PA: And, correct me if I'm wrong, but "Warriors" sounds as if it was Pallas' response to 9/11.

ALAN:  Well, it's not exactly that subtle is it?   Actually, the finished lyric has been widened out a bit to try and get at a more universalised questioning of what makes suicide attackers tick (and er.. go bang!).  Graeme's original set of words were exclusively descriptive of the Trade center attack - but I felt that it needed to be less specific so that it touched on wider themes - hopefully to avoid it being too mawkish , or indeed quickly dated.  So I re-worked it a bit.  I think the point was proved when the London bombers struck just as we were putting finishing touches to the album.  It meant the track had a wider relevance to that and to other situations.  New York was not the first place to suffer a suicide attack, and it won't be the last.   For example. it's a daily threat if you happen to live in downtown Baghdad.

PA: With that aggressiveness came a more tender side, ending with the beautiful "The Last Angel" punctuated by opera singer Pandy Arthur. Any more surprises you'd care to divulge, or is it too early?

ALAN:  I think I've given away too much already, but who'd have thought that bluegrass musicians find it difficult to play in 5/4?  

PA: Now, on to Neo. I won't spend a lot of time on this, but what a fun project with which you were involved. I'm assuming you didn't have to ponder it for very long before agreeing, eh?

ALAN:  Well the cheque had the right number of zeroes on it (laughs).  To be honest, I'm still not sure quite how NEO came about.  (John) Jowitt initially approached me with something else in mind, which sounded a bit of a giggle - but that didn't come to pass.  Instead he came back with another idea for a sort of Britprog supergroup which sounded like fun.  It's funny, but we all meet eachother at festivals etc and have a gossip, but it's the first opportunity we'd ever had to play together.  It seemed too good an opportunity to pass up..

PA:
To these eyes, it seemed like Neo was just about some proggers getting together and jamming. No pressure, just a lot of fun.
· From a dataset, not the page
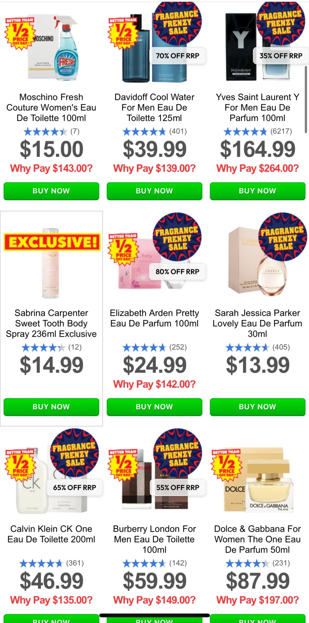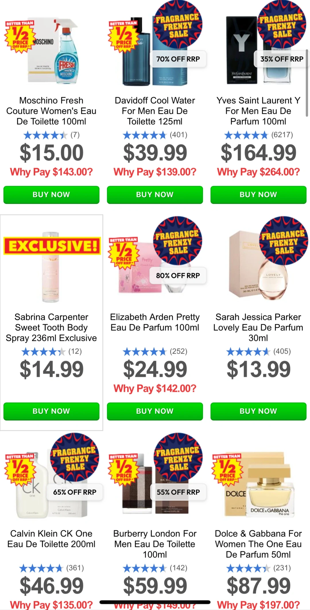 新西兰药房的大牌香水终于打折了! 🔥最低3折起!这可是难得一遇的机会啊! BURBERRY 70% ElizabethArden 70% Calvin Klein 65% VERSACE 65% YVESSAINT/AURENT 60% JIMMY CHOO 60% HUGO BOSS 55% LANCOME 55% paco rabanne 50% GIORGIO ARMANI 45% 活动至到周日!平时不舍得入手的现在可以冲了[色色R] 关注我,下一篇更精彩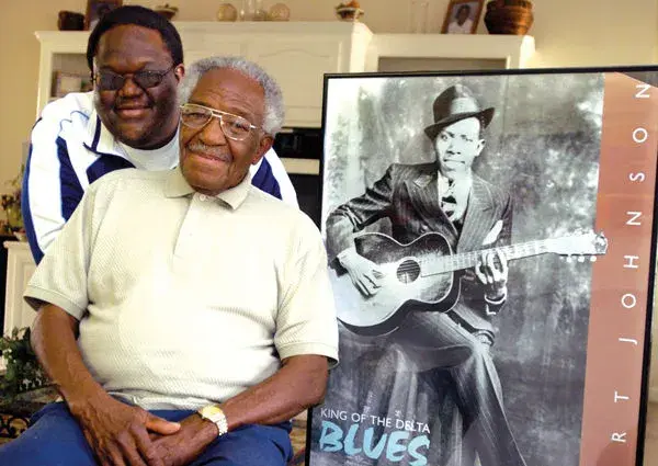 Claud Johnson, seated, son of legendary Mississippi blues artist Robert Johnson, shown in the poster on the right, has died at age 83. Johnson, who posed in the 2006 photo with his own son Michael Johnson, won a legal fight in 2014 to keep the profits from the only two known photographs of his father.

You tackled Pallas material (naturally), but a highlight for me was your interpretation of Arena's "The Hanging Tree". Is singing another band's material refreshing in a way?

ALAN: I think it had to be that way.  If we'd taken it seriously, then egos would have got fired up and we'd all have been trying to take control.  Instead it really was just about having fun, and coming out of our comfort zones a little and finding out what it was like to play eachother's music.  What makes a band isn't just about the musical skills of the individual members.  It's about a shared vision and a chemistry.  NEO's chemistry was very different to Pallas', and it was quite strange performing Pallas material with NEO.  They played similar notes, but what came out felt different.  Which was interesting and refreshing.  The real challenge for me was singing stuff from the other bands.  I think I was least familiar with the Arena stuff, and I approached 'Hanging Tree" quite differently from the original.  For one thing I sang the verses in a higher register.  The point was to do it our own way, rather than re-create the originals (otherwise what would be the point).  I knew that I'd be judged against the original recordings, but I think (hope) I got away with it:-)   Maybe I'll get to tackle a few others in the future.
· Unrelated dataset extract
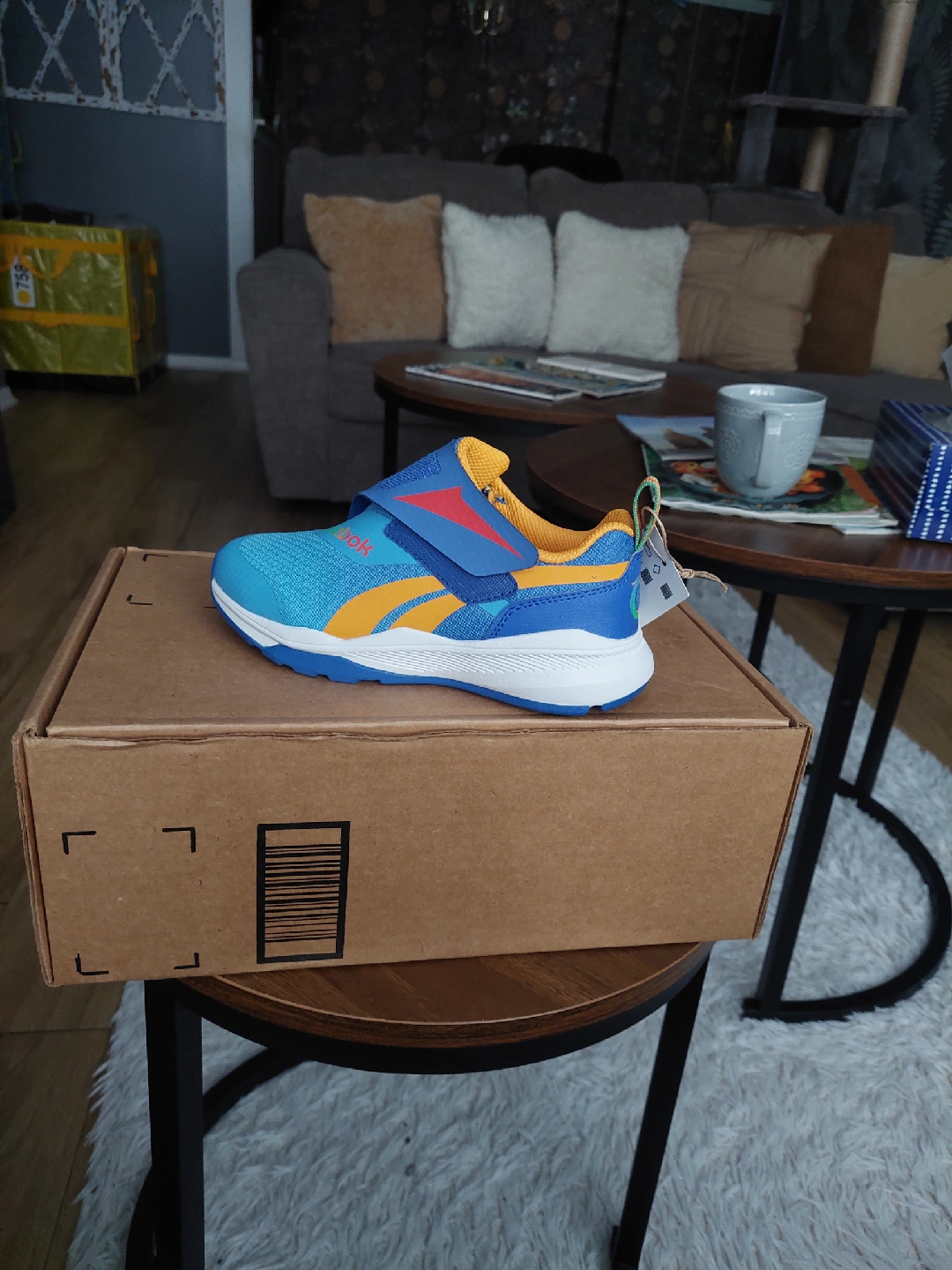 Selling a brand new pair of Reebok Kids' Rush Runner 4.0 shoes! They come in the original box and are ready for a new home. These shoes feature a vibrant blue, red, and yellow color scheme that kids will love. Perfect for running and playing!

PA: Are there any plans for a Neo studio album and would you consider being involved, or are you guys going to leave Neo in the spirit in which it was created: very loose and free?

ALAN:
No immediate plans for an album, though various ideas have been floated.  I think it needs to stay as a fairly vague and nebulous concept in order to function - and it certainly comes a poor second to our various main commitments.  Actually NEO may become an open and revolving door to include various other personnel.   Eventually all Britprog musos may be required to join NEO, and all the bands will just be variations of the NEO line-up (laughs).  We'll need a bloody big stage when we all get together though!! 

I'm actually toying with the idea of a band just made up of us under-appreciated and marginalized vocalists.   I'll play guitar, Andy Sears can do keyboards, Tina Magenta can play drums, and we'll get Fish in on vocals.

PA: And lastly before we dive into the new DVD, would you be interested in forming a prog supergroup like Transatlantic or Neo? If so, who would you like to work with?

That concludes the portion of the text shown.